November 14-16, 2018. Co-authored with Rubio-Rodríguez LA, Muñoz-Barrera A, Roda-García JL, Pérez-González CJ, González-Yanes P, Flores C and Lorenzo-Salazar JM. Abstract Booklet #22, page 44.

Abstract

Next Generation Sequencing (NGS) data imposes major challenges for processing due to its volume and complexity. Analysis of NGS data is generally based on many third party software, which are sometimes complex to install, configure and usually have dependencies that may arise in portability and reproducibility issues.
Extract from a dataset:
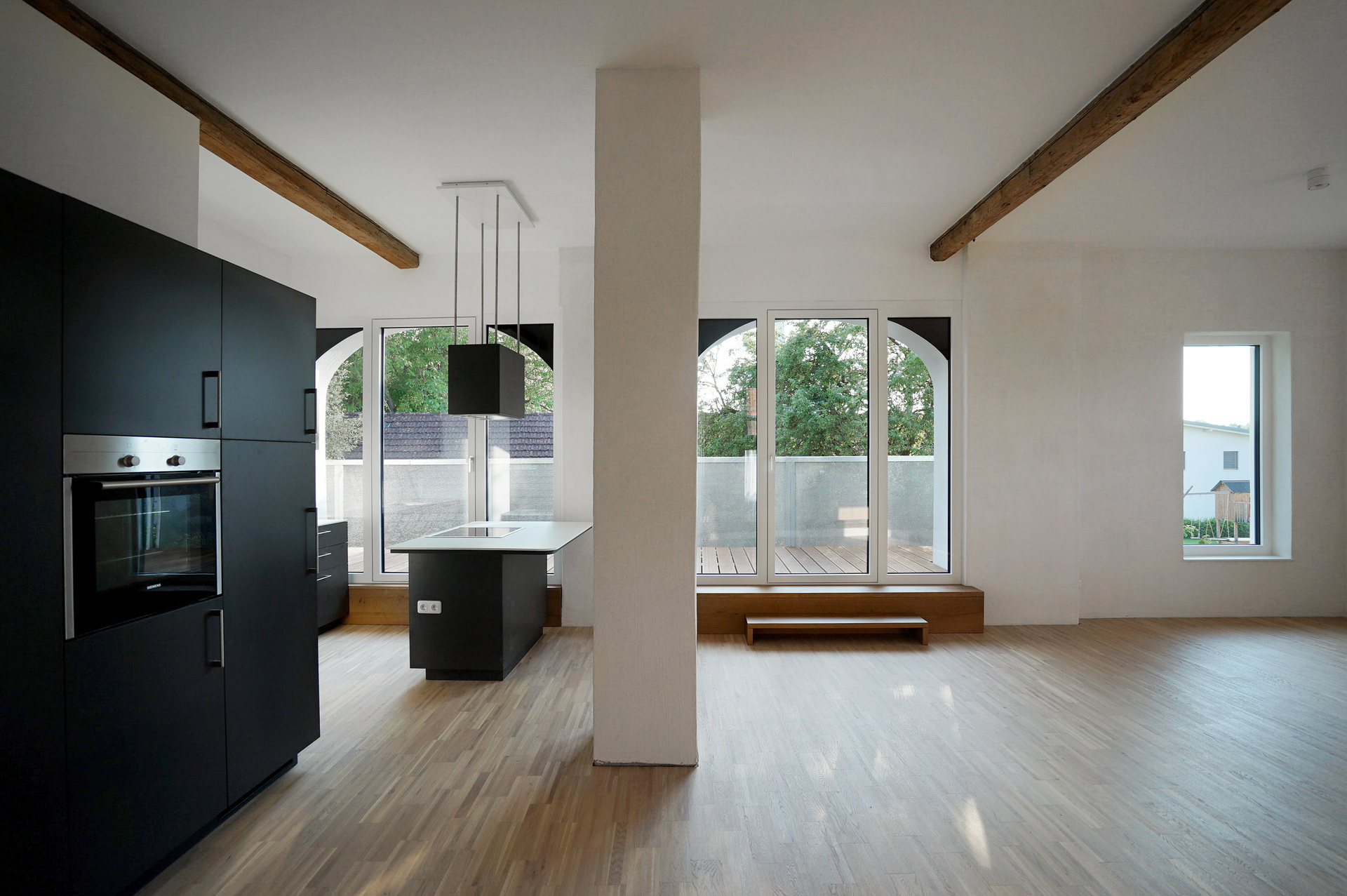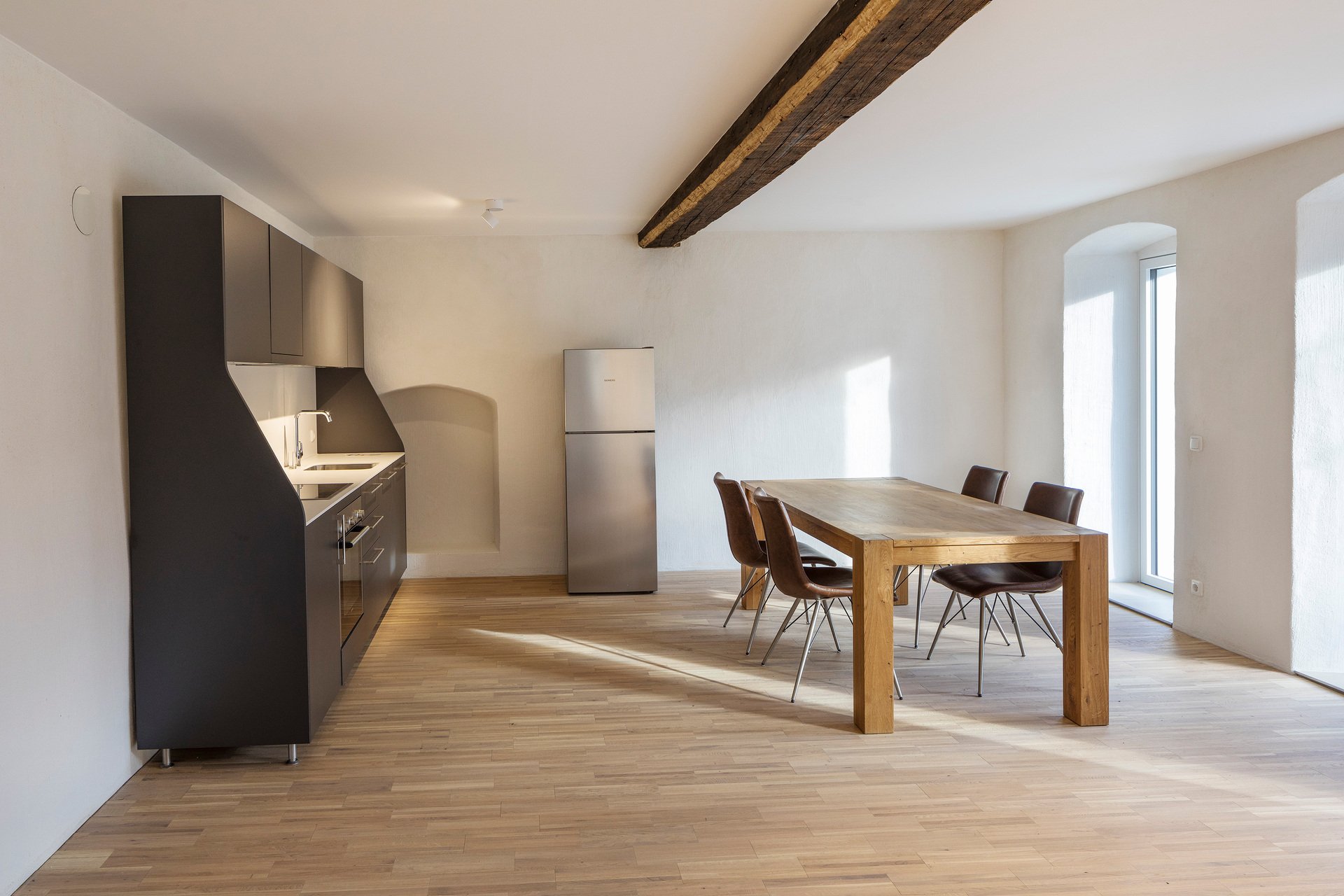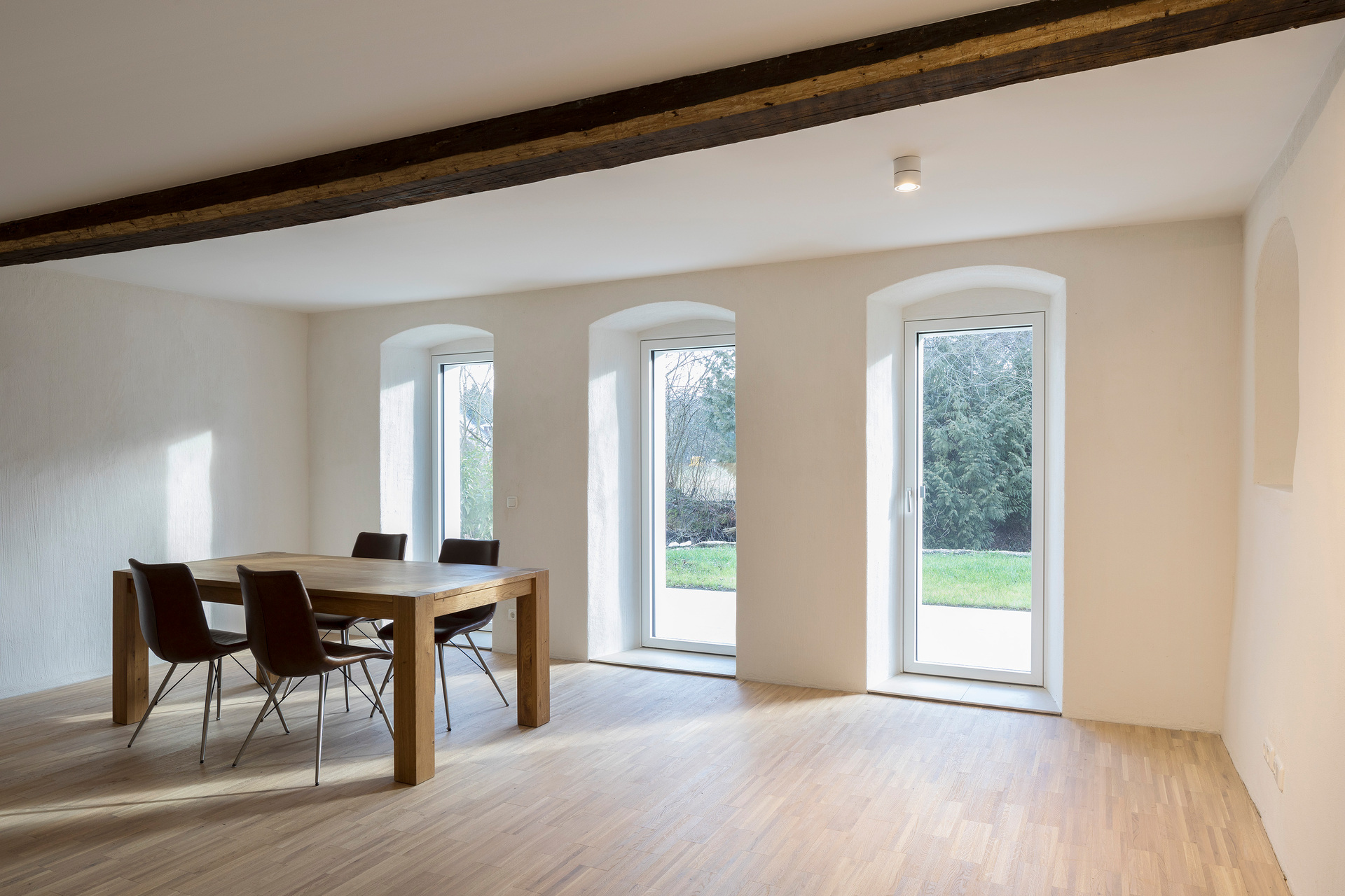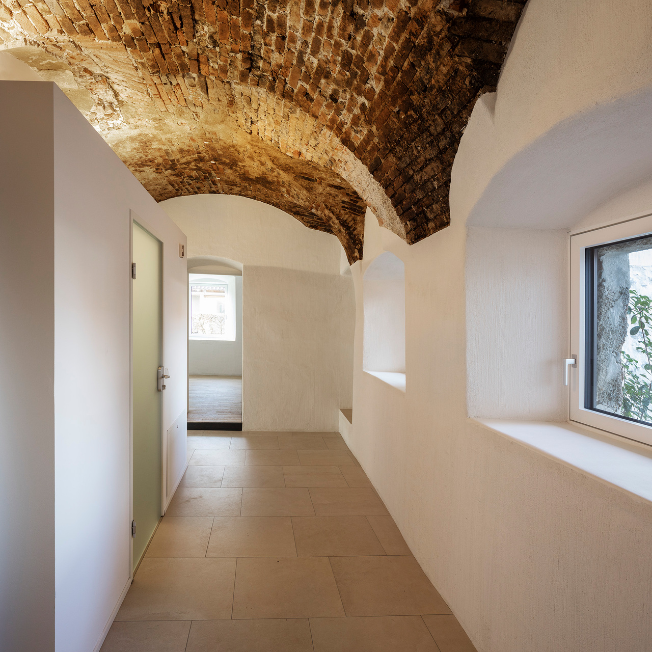Die barrierefreie Erschließung des Obergeschosses wurde über einen neuen Laubengang und ein frei im Hof stehendes Treppenobjekt geschaffen. Die historische schmale und gewundene Bestandstreppe samt Balkendecke im Innenraum konnte dadurch erhalten bleiben. Die südseitigen Wohneinheiten Richtung Mühlbach wurden im Obergeschoss mit leichten Balkonkonstruktionen aus verzinktem Stahl ergänzt. Die Giebel- und Wandflächen der Seitenflügel wurden, in Analogie zum ursprünglichen Erscheinungsbild, mit einer vertikalen Holzverschalung eingekleidet. (Text: Tobias Hagleitner, nach einem Text des Architekten)

Thus, it is necessary to develop infrastructures to store, manage and analyse massive genomic data in an efficient, scalable and reproducible way. We have developed a Docker container‐based infrastructure comprised of Bioinformatics and Big Data tools (Hadoop and Spark) for NGS data analysis. We have created Docker images for the Hadoop and Spark components and bioinformatics tools, including QC applications (FastQC, MultiQC, Qualimap2), aligners (BWA), variant callers (GATK4, Platypus), and other complementary software (JupyterLab). The infrastructure was deployed as a cluster of 20 commodity hardware nodes in a computer classroom at the ESIT‐ULL Computing Center and can be easily scaled. We have used Docker Compose for multi‐container definition and Docker Swarm for container orchestration and cluster management. To ensure data integrity, genomic data is stored in a distributed and a redundant manner across all nodes by using HDFS technology. This solution allowed university students to keep using their computers during data processing, so we could take advantage of existing equipment with no additional cost. As this is a non‐dedicated infrastructure, it has been necessary to keep in mind the continuous addition and removal of nodes from the cluster. Docker images are available at: https://hub.docker.com/r/taroull/. Dockerfiles for deploying the described infrastructure are available at: https://github.com/lubertorubior/docker‐esit Funded by Ministerio de Ciencia, Innovación y Universidades (RTC‐2017‐6471‐1; MINECO/AEI/FEDER, UE). This work has been supported by the CEDeI program (Centro de Excelencia de Desarrollo e Innovación, Cabildo de Tenerife).